Fish tapes are some of the most commonly used tools for running home alarm wiring in existing construction. Without a good tape, and the skill to use it, most hardwired alarm installations would require lots of drywall repair.

If you’re installing a do it yourself home alarm, or if you work in the alarm business as a security technician, you’ll need to be familiar with how to use and take care of this tool.

Tapes are available at most home improvement centers, as well as online. See 50-foot fish tape at

Fish tapes for home alarm wiring

In use, the end of the tape is sent up into the attic through a hole drilled at the alarm device location. Then, a wire is tied onto the end and pulled back down. The alarm equipment can then be connected to the wire and mounted.

Hardwired home security systems require a physical electrical connection to each alarm device. Home security devices can include door and window switches, motion and glassbreak sensors, keypads, sirens, smoke detectors, and more.

Besides the fish tape, there are other tools available for fishing wires. I've also used glow rods, and long drill bits which can be sent up shaft-first. These work fine when there is plenty of attic clearance above them, like in the middle area of a typical ranch-style home. This is where keypads, sirens, and motion detectors are often located.

Security system diagram, run alarm wiring using a fish tape

Toward the outside walls though, the slope of the roof pitches downward. In many attic spaces, there are only a few inches between the top of the wall and the roofline. Once a glow rod or drill bit hits the plywood sheeting of the roof, it can go no further.

This means that whoever is in the attic must crawl out to the very edge of the house to attach a wire. With the slope of the roof, this is the tightest area in an attic. Getting to these spots can be difficult or impossible due to duct work, plumbing pipes, and other obstacles. Even when you can reach the outer areas, you’ll be crawling face-first through itchy, dusty attic insulation.

Using a fish tape, plus some skill and luck, you can save a lot of time, effort, and discomfort.

Choosing Which Tape to Use

Fish tapes come in many sizes, often in 25 foot increments. I’ve found the 50-foot length to be best for fishing alarm wiring, as it allows you to easily spin and steer the tape as you send it into the attic.

Larger tapes are heavy, hard to control, and unnecessarily long.

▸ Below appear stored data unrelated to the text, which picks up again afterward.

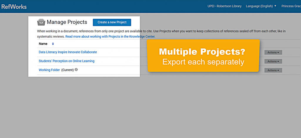 - If you have multiple Projects in RefWorks, you will need to export data from each of them separately.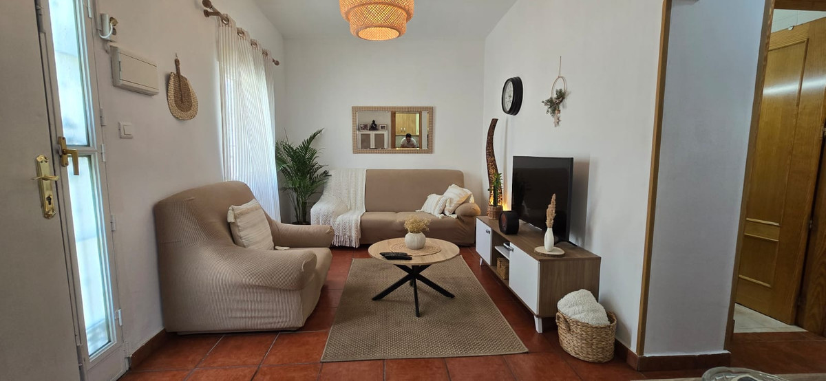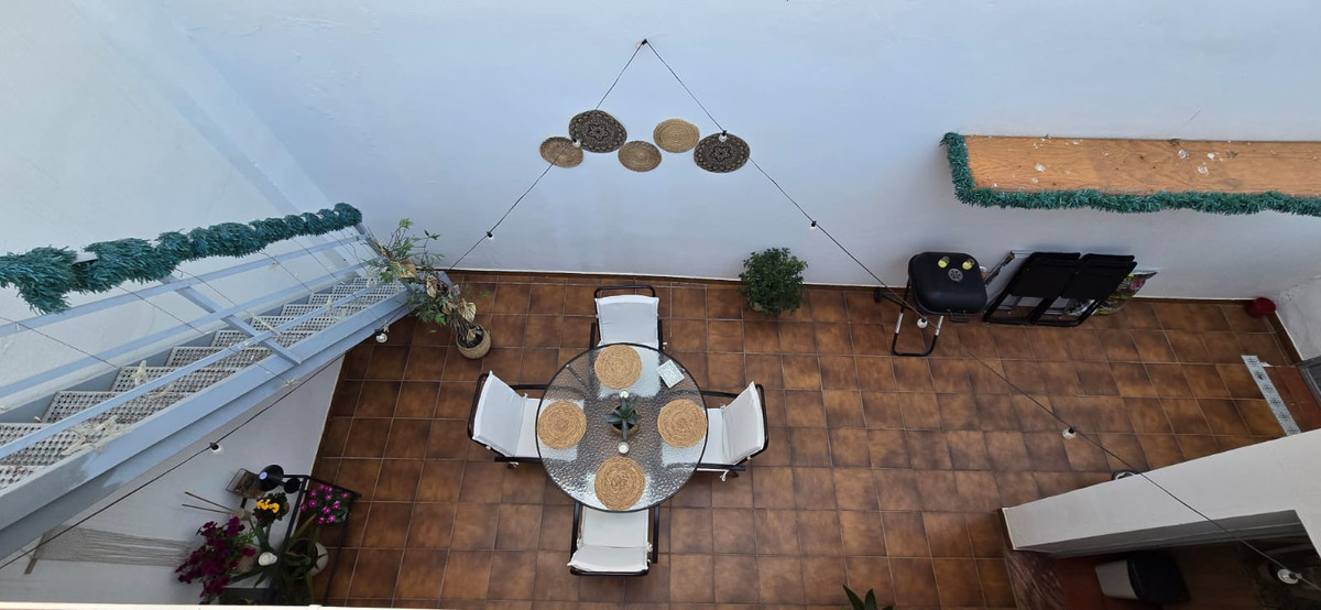 The house has three spacious bedrooms and a full bathroom, distributed over a built area of 65 m². The living room is bright and comfortable, with individual air conditioning units and direct access to a 30 m² private terrace, ideal for enjoying the Costa del Sol climate. In addition, it has a spectacular 65 m² private solarium terrace with urban views and the possibility of building up to three additional floors, which adds great potential for expansion.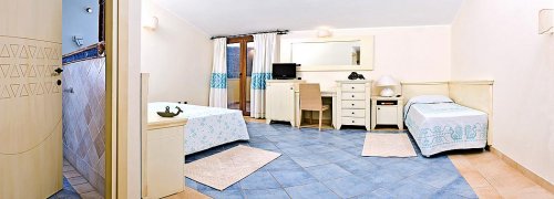 Le camere in stile sardo sono completamente climatizzate e dotate di TV color satellitare, minibar (rifornito su richiesta), cassaforte, veranda o balcone, bagno privato con asciugacapelli.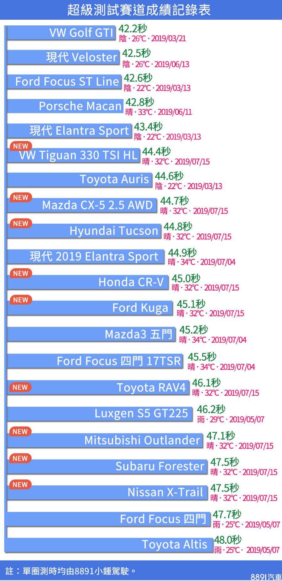 Tiguan 330TSI不負眾望拿下這次最速單圈,以44.4秒領先第二名Tucson的44.8秒,雖然180hp/32.6kgm動力不是最大,但2.0TSI引擎與7速DSG變速箱的契合性沒話說,油門反應、檔位銜接都讓人難挑剔,動力暢快感是9車之最!懸吊阻尼並沒有特別強韌,但支撐性好,轉向感在9車中也較為精準,再加上搭配的Hankook S1evo2 SUV輪胎性能不賴,明顯優於其他車,因此拿下最速單圈算是實至名歸!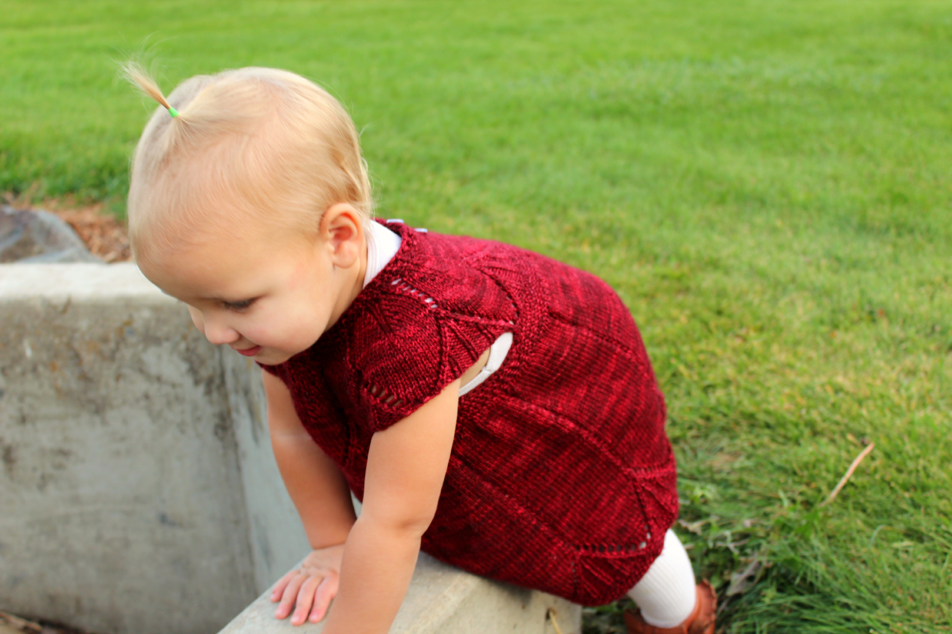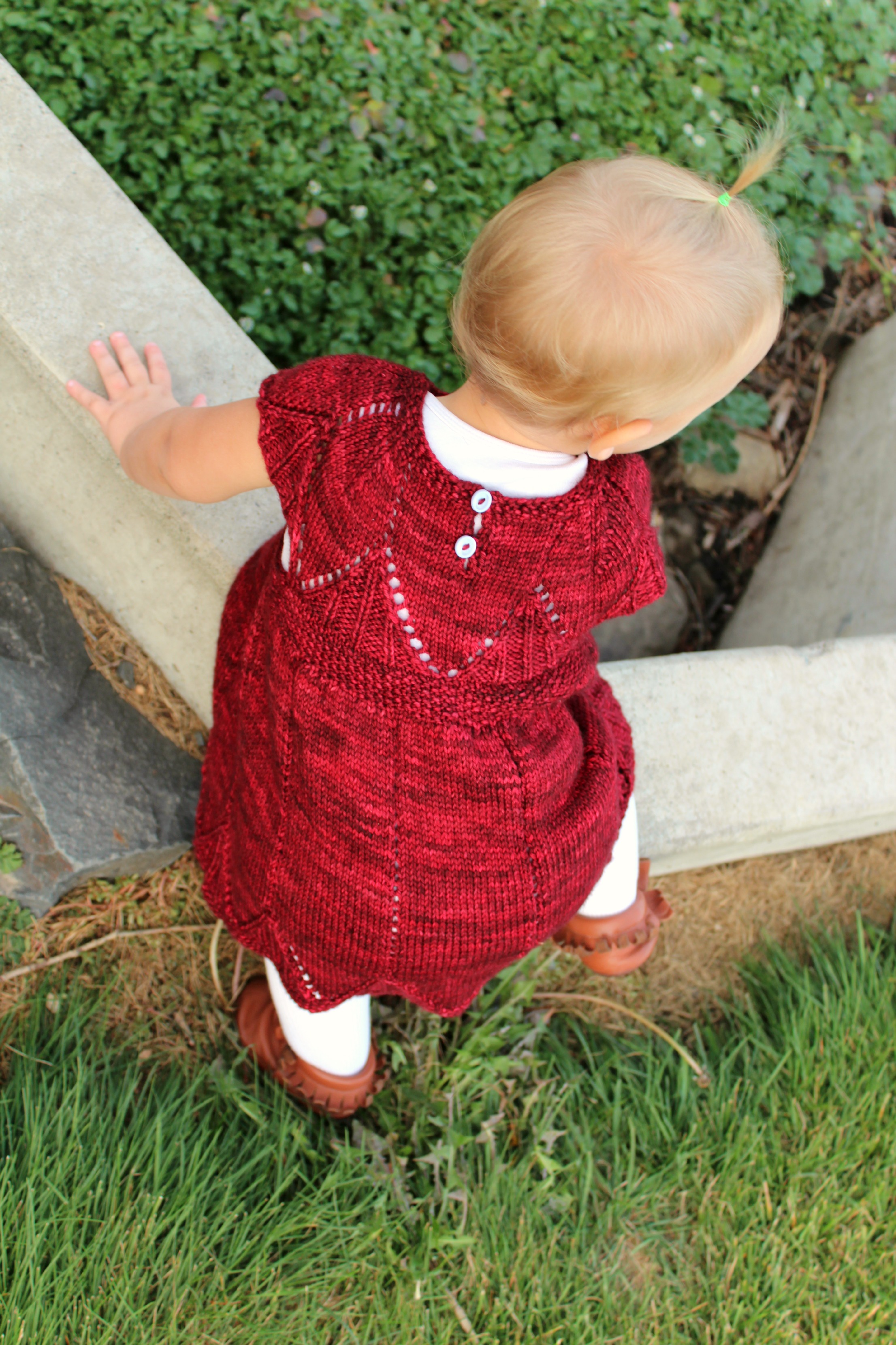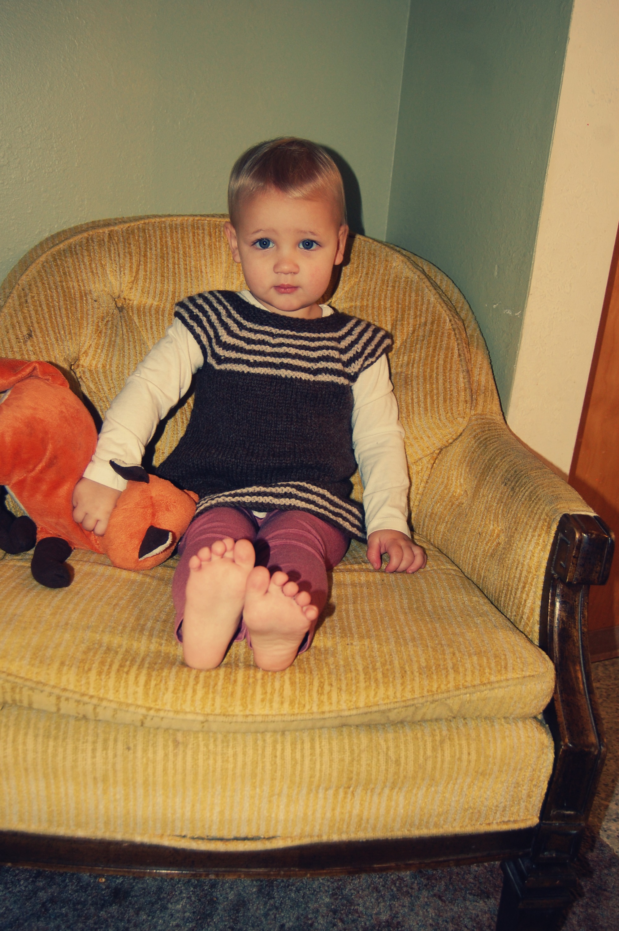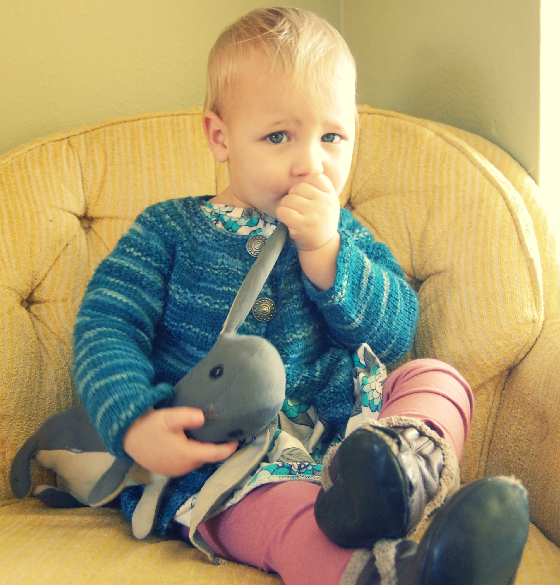 I made Effie this sweater from KnitPicks Swish Superwash Merino “Pacific Tonal” (Which I think has been discontinued?). The pattern is The Matinee Jacket, from “Vintage Knits for Modern Babies” (A super awesome book, which you should buy. It has a ton of adorable patterns!)

Save the longer fish tapes for pulling extended wire runs through conduit.

Shorter tapes leave you no margin for error. The next-shortest standard length below 50 feet is 25-feet. If the fish tape ever becomes irretrievably jammed (and eventually it will!), you’ll have to cut it off. This would then leave a 25-foot tape too short to use effectively.

Plumbers fish tape, cheap steel tape, high-quality steel fish tape

Check the shape of the steel blade. Some inexpensive tapes are made from soft, flat steel. These tend to be too flimsy to push through insulation, and don’t spring back to their original shape very well.

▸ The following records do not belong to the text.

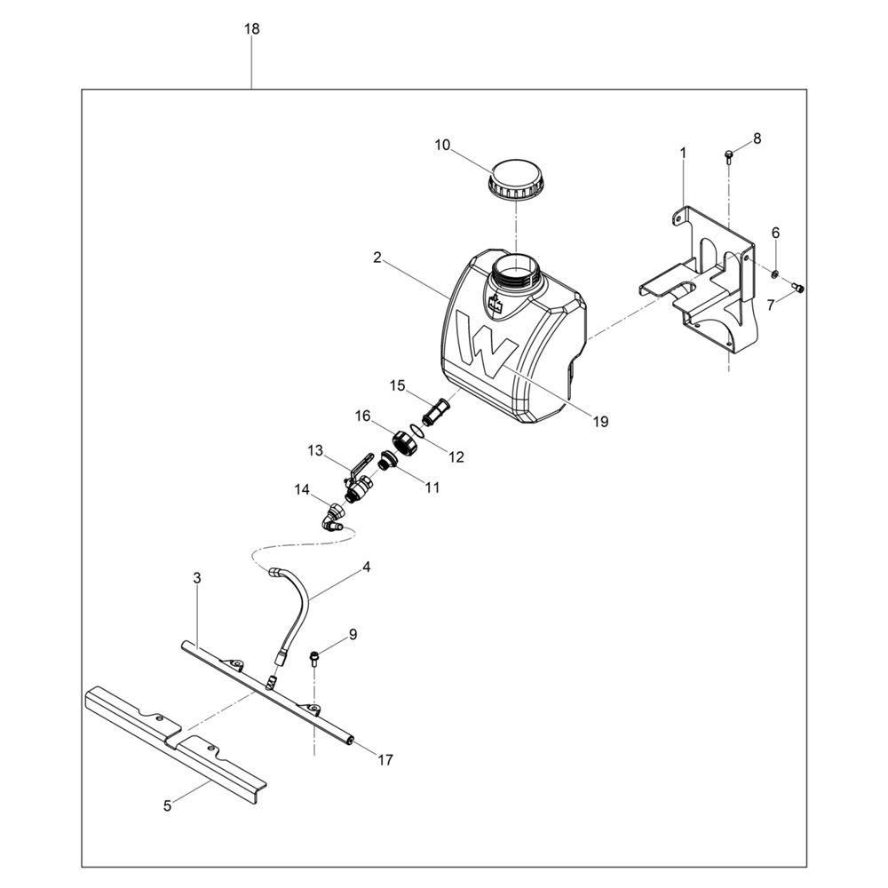 The Water System Assembly for the Wacker VP2050Aw Compactor includes essential components to ensure optimal performance and longevity. Designed to facilitate dust suppression and cooling during operation, this assembly helps maintain efficiency and safety. Components may include hoses, nozzles, and connectors, tailored to fit the Wacker Neuson Forward Plate Compactor.
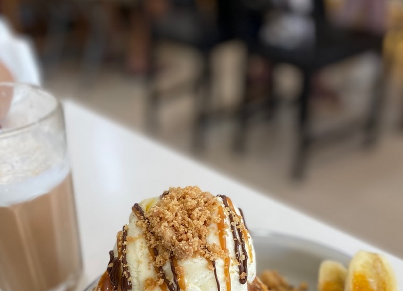 大推香蕉巧克力鬆餅 鬆餅現點現做 鬆軟香甜 上面再加一份冰淇淋 一旁的香蕉也不是擺飾 有著脆焦糖點綴 超級好吃 服務 內用 餐點類型 午餐 平均每人消費金額 $200-400 餐點:5 服務:5 氣氛:5 建議的餐點 藍莓鬆餅, 烤起司三明治 起司牛肉三明治與香蕉巧克力鬆餅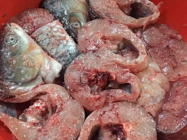 - Đun lửa nhỏ trong 6 tiếng tới khi cạn nước cho thịt và cá ngấm đều gia vị.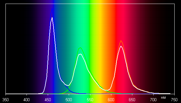 Без коррекции (вариант Яркий) спектры компонент (то есть спектры чистых красного, зеленого и синего цветов) очень хорошо разделены:
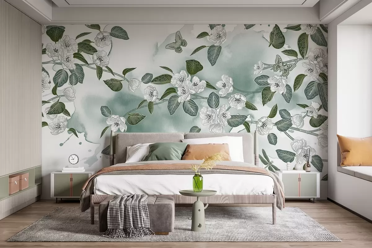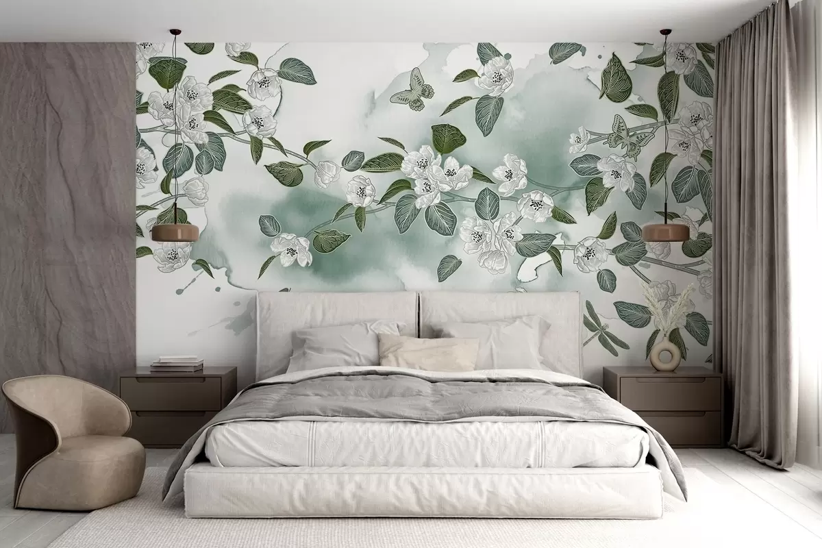 Fototapetai Vyšnios medžio žiedų šaka su gėlėmis, lapais, drugeliais šviesiai žaliame akvareliniame tekstūruotame fone Nr. w08831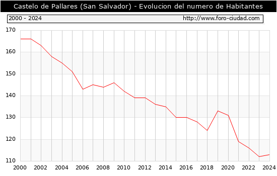 el numero de habitantes en Castelo de Pallares (San Salvador) era de 113, 1 habitantes mas que el en el año 2023. En el grafico siguiente se puede ver cuantos habitantes tiene Castelo de Pallares (San Salvador) a lo largo de los años.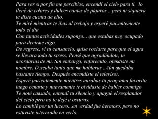 Dios observa a una persona mientras se levanta por la mañana y se prepara para el día sin dedicarle tiempo a Dios. A pesar de los esfuerzos de Dios por llamar su atención a través de la naturaleza y la música, la persona pasa todo el día ocupada sin hablar con Dios. Al final del día, Dios le desea lo mejor y espera poder pasar tiempo con la persona en el futuro.
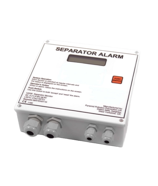 Our mains powered separator alarm can be used to monitor the oil level in oil separators, the control unit is capable of monitoring up to three probe units, displaying their current status via a 2 x 16 display.

Better quality tapes tend to be almost oval in cross-section. These are made from “springier” steel, and will bounce back after being bent.

So, look for a 50-foot tape with a high-quality steel blade, 1/8-inch wide. This size will easily fit through the 3/8-inch holes commonly drilled for alarm wiring, even after a hook is bent in the end of it.

Cross sections of various steel tapes

Using Fish Tapes

Installing alarm wiring is best done with two people, who I’ll refer to as the “ground guy” and the “attic rat”. If you’re only pulling a wire or two, you can do both parts by yourself. Climbing into and out of the attic over and over, along with crawling to find the fish tape each time, is very tiring.

Doing all the runs yourself, you’d probably be exhausted after 4-5 pulls, unless you’re an Ironman competitor. So, what’s the solution?

Getting a friend or co-worker to help you is usually the best way to go. Universally accepted currency for this assistance may include pizza, beer and other beverages, and of course, good old cash. You may also be able to trade for your help on one of his projects.

Choose your help wisely. An “attic rat” with a slow, clumsy “ground guy” will be in for a very long day. And of course, if it’s your house you’re working on, you’ll be the one in the attic.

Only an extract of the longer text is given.